The Department of Homeland Security ("DHS") appealed the IJ's order withholding removal. Although the only Notice of Appeal in the record here is dated March 14, 2017—two days before the IJ held the hearing and issued the ruling being appealed—a BIA filing receipt reflects that the appeal was submitted a month later, on April 17, 2017. Compare Doc. No. 33-4, with Doc. No. 33-5. Meanwhile, Doe remained in custody. On April 25, 2017, Doe sent a motion to the immigration court requesting a custody redetermination and seeking his release, citing the IJ's decision granting him withholding of removal and responding to the IJ's characterization of his prior arrests that formed the basis for the initial decision to deny bond. Doc. No. 1-1 at 14-25. In the motion, Doe explicitly stated he was "incarcerated in Stafford County Jail, Dover, NH . . . by ICE." Id. at 14. The respondents have neither argued nor submitted evidence that this request for redetermination was ever considered by the IJ or anyone else on behalf of the agency. Cf. Doc. No. 36-1 at 2 (reflecting the IJ did not reference Doe's filing in a later decision regarding bond).

The respondents have submitted evidence that someone acting on their behalf told the IJ that Doe had been released from custody, though he plainly had not been released. At some unidentified point in time after the IJ's decision granting Doe's request for withholding of removal, an unknown representative of DHS erroneously notified the immigration court that Doe had been released by ICE.3 Doc. No. 36-1 at 2; see Doc. No. 33-7 at 3 (asserting on behalf of DHS that a form "incorrectly indicat[ing] that [Doe] had been released from ICE custody" had been "filed by DHS with the Immigration Court" "[t]hrough inadvertence").

On May 8, 2017, Doe sent a motion seeking summary dismissal of DHS's appeal to the BIA, citing defective service, lack of merit, lack of jurisdiction, and bad faith. Doc. No. 1-1 at 1-13. The motion—a copy of which Doe mailed to DHS at ICE's Office of Chief Counsel in Boston—explicitly referenced Doe's continued detention. Id. at 1, 5, 13. It appears no action was taken as to this motion either. See Doc. No. 1 at ¶ 9. However, two days after Doe sent it, and despite the IJ's decision granting Doe withholding of removal, the BIA affirmed the IJ's January order denying bond, acknowledging the IJ's finding in favor of Doe as to withholding, but concluding the IJ had "properly determined that [Doe] did not meet his burden to establish that he does not pose a danger to the community." Doc. No. 15-1 at 3. In particular, the BIA reasoned that Doe's "lengthy record of arrests, including for the violent offense of assault, demonstrates a disregard for the laws of the United States." Id. Nothing in the BIA's decision reflects an awareness of Doe's motion for a bond redetermination, or of DHS's erroneous notice that Doe had been released. See generally Doc. No. 15-1 at 2-4.

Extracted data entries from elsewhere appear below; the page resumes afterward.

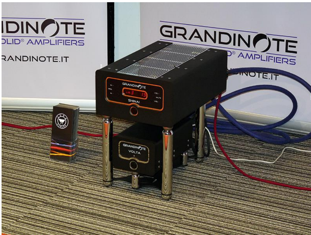
SHINAI : A FERRARI among Amplifiers
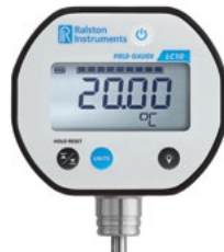
Field Gauge LC10-TA Digital Probe Thermometer
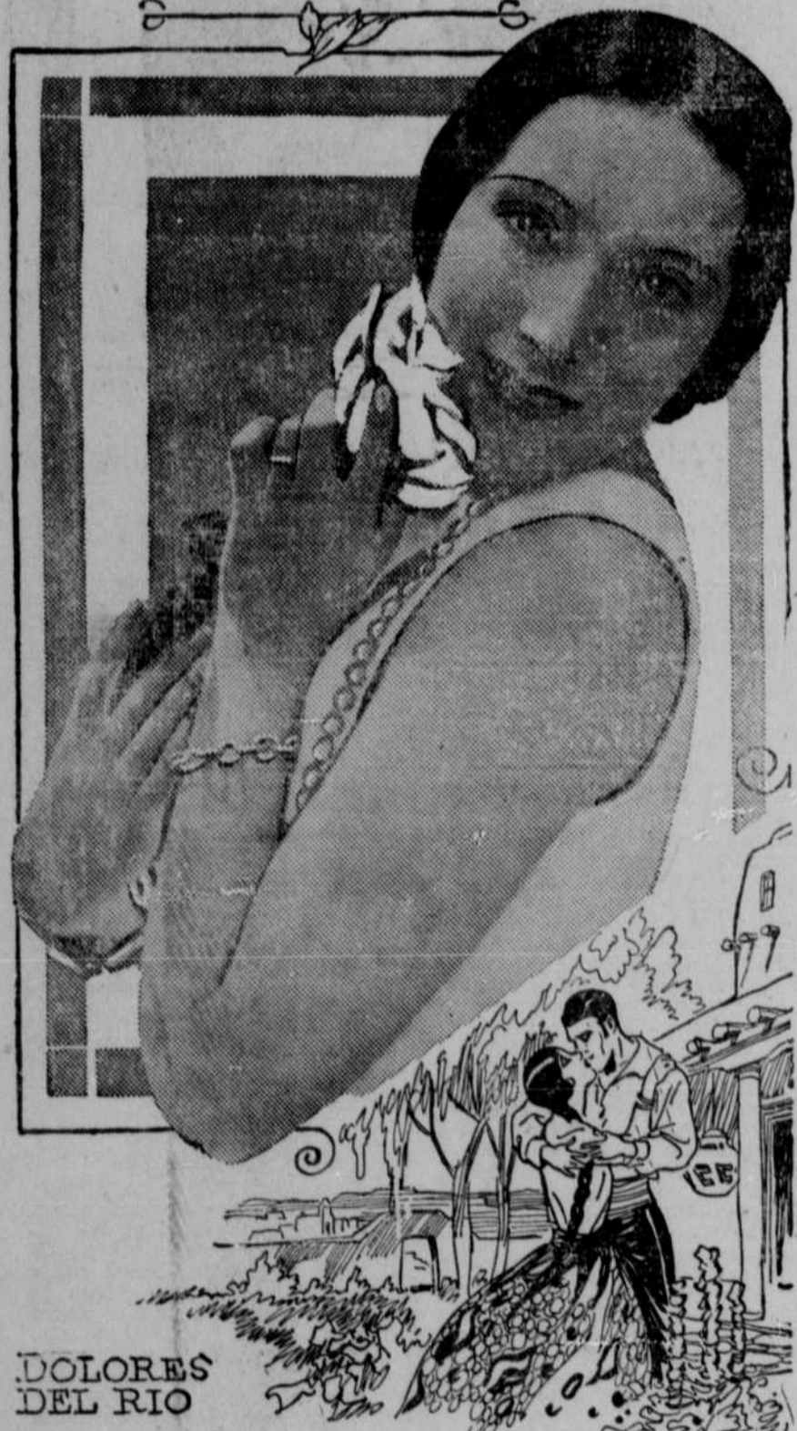
DOLORES DEL RIO

Ra-mon-a, I hear the music on bells above, — Ra-mon-a, they're ringing out our songs of love

On June 26, 2017, after receiving no response to his filings with the immigration courts, and when there had been no steps taken to prosecute DHS's appeal to the BIA in the two months it had been pending, Doe completed and mailed his pro se federal habeas petition to this Court, Doc. No. 1 at 14; it was received and docketed a week later. In the petition, he asserted substantive and procedural due process claims arising under the United States Constitution and sought release from custody. Id. at 11-13. Pro bono counsel was appointed to represent Doe. Doc. No. 22.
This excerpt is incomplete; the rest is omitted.